If a picture appears, leave it out, and reproduce exactly the lines from the start of the listing below through the one bearing "由另外接上的支架,可讓 Pixoo 成為店家的公告牌".

** DATASET CONTENT **

========================================

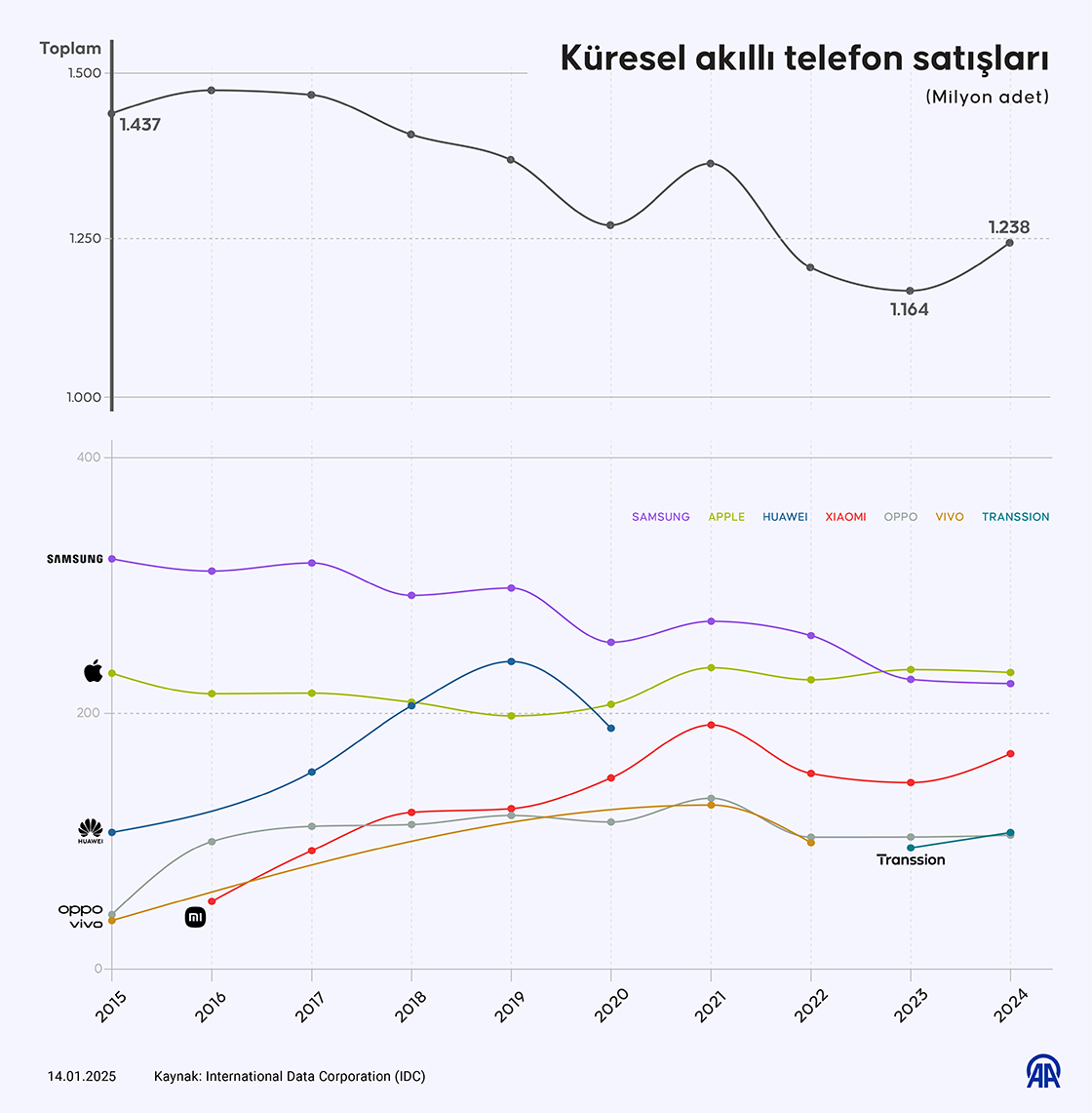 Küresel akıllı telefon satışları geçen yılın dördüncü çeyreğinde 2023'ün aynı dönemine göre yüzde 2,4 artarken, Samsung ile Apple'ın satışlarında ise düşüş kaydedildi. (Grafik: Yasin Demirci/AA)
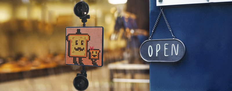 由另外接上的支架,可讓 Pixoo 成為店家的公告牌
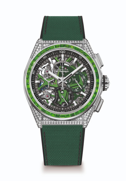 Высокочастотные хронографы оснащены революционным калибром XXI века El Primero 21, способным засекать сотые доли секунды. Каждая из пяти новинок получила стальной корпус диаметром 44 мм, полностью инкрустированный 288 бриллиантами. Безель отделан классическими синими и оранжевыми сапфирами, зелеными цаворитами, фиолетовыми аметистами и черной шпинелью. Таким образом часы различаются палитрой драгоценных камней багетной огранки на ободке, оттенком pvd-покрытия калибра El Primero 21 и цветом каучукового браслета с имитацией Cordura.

========================================

** OUTPUT FOR THIS EXERCISE **
 Küresel akıllı telefon satışları geçen yılın dördüncü çeyreğinde 2023'ün aynı dönemine göre yüzde 2,4 artarken, Samsung ile Apple'ın satışlarında ise düşüş kaydedildi. (Grafik: Yasin Demirci/AA)
 由另外接上的支架,可讓 Pixoo 成為店家的公告牌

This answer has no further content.